One Aging Geek

Sunday, September 25, 2005

Running from Rita: part 1 preparing

Author's note: this series of posts is a first person account of a few days dealing with Hurricane Rita. The posts are all written after the fact but I will try not to let that ruin the story.

Tuesday, September 20 I'm in a class all this week at work so am at our facility but not in my office. I'm still keeping track of email. Two people so far have mailed me PDFs of the Houston evacuation routes.

After class the talk is all of where to go and how soon to get out. People are in very nearly a full scale panic. At first I really think they're crazy. At this point the storm could hit literally anywhere on the Gulf coast. Just as I sit down to my desk I get a call from my daughter (grown up, married, lives and works in Houston). She has made hotel reservations in Dallas, somewhere that take pets. She and her husband have a cat, we have a cat and a dog. While I think it's overkill I agree that we should head up there. The reservations are for Friday and Saturday night.

I'm starting to think I'm the one who is crazy. Everyone around wants out of town.

Wednesday, September 21

Mrs Aging Geek and I live in a suburban community to the south of Houston. We are just off the edge of the mandatory evacuation Zone C. People in the next community to our east including a lot of our friends and our church are in Zone C and are to begin evacuating tomorrow. Hurricane Rita is just crossing the tip of Florida. The projected path from the National Hurricane Center has it making landfall at Matagorda Bay, about 90 miles southeast of us. A "miss" to our west is very bad, as bad or worse than a direct hit. The counterclockwise circulation brings the worst rain, strongest winds, and the storm surge up the east side of hurricanes in this area. They're projecting this to be a strong category 4 when it makes landfall. And of course "landfall" is something of a joke. Everyone tracks the eye and of course that's where the worst of it is but a storm of this size will have hurricane force winds up to 100 miles from the eye. With its speed that means that anyone near the path of the eye will be in those winds for many hours.

We have decided to leave. Our neighborhood is already starting to look empty as lots of others have made the same decision. I've been in this house over 20 years but never have had anything to board up the windows. And today is way too late. Last night on the way home from work I stopped in the nearby Lowe's store and there was nothing resembling plywood to be had. Today they are still getting trucks in but there is a line that stretches across the outside of the store and it looks like they're selling it straight off the truck. Not very many of our neighbors are boarding up, more are just piling themselves and their pets into a vehicle and hitting the road.

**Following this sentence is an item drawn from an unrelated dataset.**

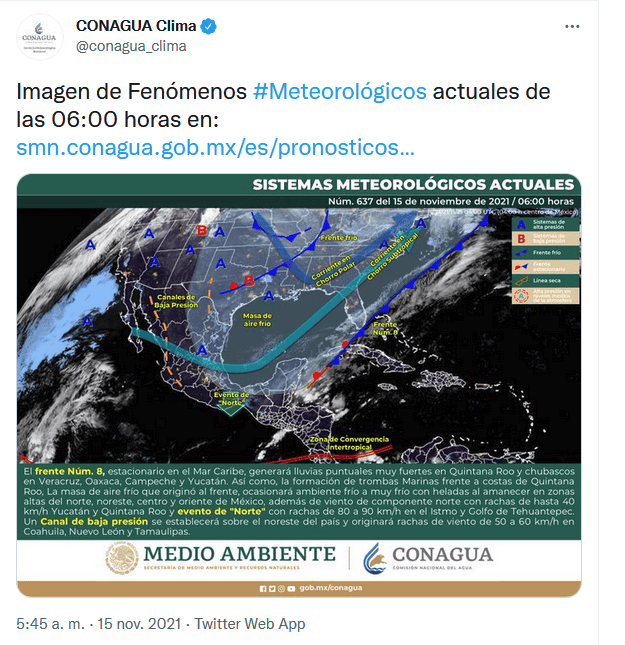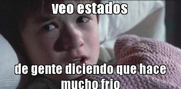 El invierno todavía no inicia en el hemisferio norte, sin embargo, el clima ha sorprendido a los mexicanos por el cambio tan drástico que ha sufrido los últimos días.Aunque es día festivo en México, puente, y los alumnos no tuvieron clases y muchos empleados disfrutan del día de asueto, quienes tuvieron que levantarse temprano para trabajar se dieron cuenta de que la mañana ha estado más fría que en los últimos días, y esto tiene una explicación. De acuerdo con el Servicio Meteorológico Nacional (SMN), para este lunes 15 de noviembre se pronostica que el frente frío número ocho se mantenga estacionario sobre el Mar Caribe y genere condiciones para lluvias puntuales muy fuertes en Quintana Roo, así como chubascos en Veracruz, Oaxaca, Campeche y Yucatán. Por otro lado, la masa de aire frío que originó el frente ocasionará ambiente frío a muy frío con heladas al amanecer en zonas altas del norte, noreste, centro y oriente del país. Estas condiciones afectan poco a Jalisco, donde se han tenido amanecer muy fríos los últimos días.El evento de "Norte", con vientos de 80 a 90 km/h afecta el Istmo y el Golfo de Tehuantepec, donde el oleaje alcanza de dos a cuatro metros de altura. Además, un canal de baja presión se establecerá este día sobre el noreste del país, originará rachas de viento de 50 km/h a 60 km/h en Coahuila, Nuevo León y Tamaulipas. En el resto del territorio mexicano se pronostica ambiente diurno templado a cálido y baja probabilidad de lluvia.El SMN, en su reporte de las 06:00 horas, indicó que se pronostican temperaturas mínimas de -5 a 0 grados con heladas en zonas montañosas de Chihuahua, Durango, Zacatecas, Guanajuato, Querétaro, Hidalgo, Michoacán, Estado de México, Tlaxcala y Puebla; mientras que prevén mínimas de 0 a 5 grados con posibles heladas en zonas montañosas de Sonora, Coahuila, Nuevo León, San Luis Potosí, Aguascalientes, Jalisco, Veracruz, Oaxaca, Guerrero, Ciudad de México y Chiapas.El Instituto de Astronomía y Meteorología de la Universidad de Guadalajara (UdeG) detalló que este lunes, la Zona Metropolitana de Guadalajara amanece con cielo despejado, y que se espera un día mayormente soleado con algunas nubes. El ambiente es frío a primeras horas de la mañana y madrugada. Piden tomar precauciones por los contrastes térmicos entre horas al amanecer y la tarde, pues se esperan temperaturas máximas de 25 a 27 grados.El clima frío ha llegado a México y por supuesto, con él los memes.OF

The Kroger where we buy groceries is slightly crowded and people have a strained look. Luckily they have lots of bottled water. We lay in a supply of bottled water and food that can be eaten out of the can in a pinch. Also some cleaning supplies for the aftermath.

The rest of the day is devoted to "battening down". All the outside furniture goes into the garage along with other loose items that could become missiles. Potted plants are all crammed into the corner on the side of the house with no windows, a narrow area between our house and the fence that separates our yard from our neighbor's yard.

Late in the day my daughter calls again. A co-worker who is from Bryan has relatives who are out of town and who are willing to let us stay in their house. We decide to do this for two reasons, it's a lot close than Dallas (120 miles versus about 250) and because we can leave tomorrow instead of having to wait until closer to when our reservations are. In addition to the four of us, my daughter's in-laws and two grandparents will be going. The in-laws have two cats and a dog. So our group will have a total of eight people, four cats, and two dogs.

With the time to leave changed our preparations get a little more hurried. Upstairs inside the house we deal with the computers. We have one of our own, two from my work plus a laptop and assorted gear including a 200GB USB external drive. After doing some dumping to DVD and to the laptop, the computers get disconnected and put in garbage bags. The bags go up on a couch covered with cushions. The external drive will go with us. I'm trying to figure the damage scenarios. Will the roof get torn off exposing the upstairs to rain and wind or will water rise flooding the downstairs?

We're both kind of wandering thru the house. I have this feeling that I won't see it again. Pictures from the aftermath of other hurricanes keep running through my head. People sifting through the rubble that used to be their home. As we pick out clothes to take I'm thinking not just of what I might need for the next few days away but also about what I might want with me if all I have is what I carry out tomorrow. Most of our photos are digital so are in several places, a copy on the external drive, a copy on DVD backups, some on my laptop. I go thru the photos in the living room pulling them out of their frames and stacking them. We've also gathered important papers, passports, insurance policies, bank info and the like and put it all in zip lock baggies.

We'll leave about 9:00 tomorrow morning. For the evening we sit glued to the TV compulsively watching the news and weather channel people say the same things over and over and still make them sound like something different. Very little sleep this night.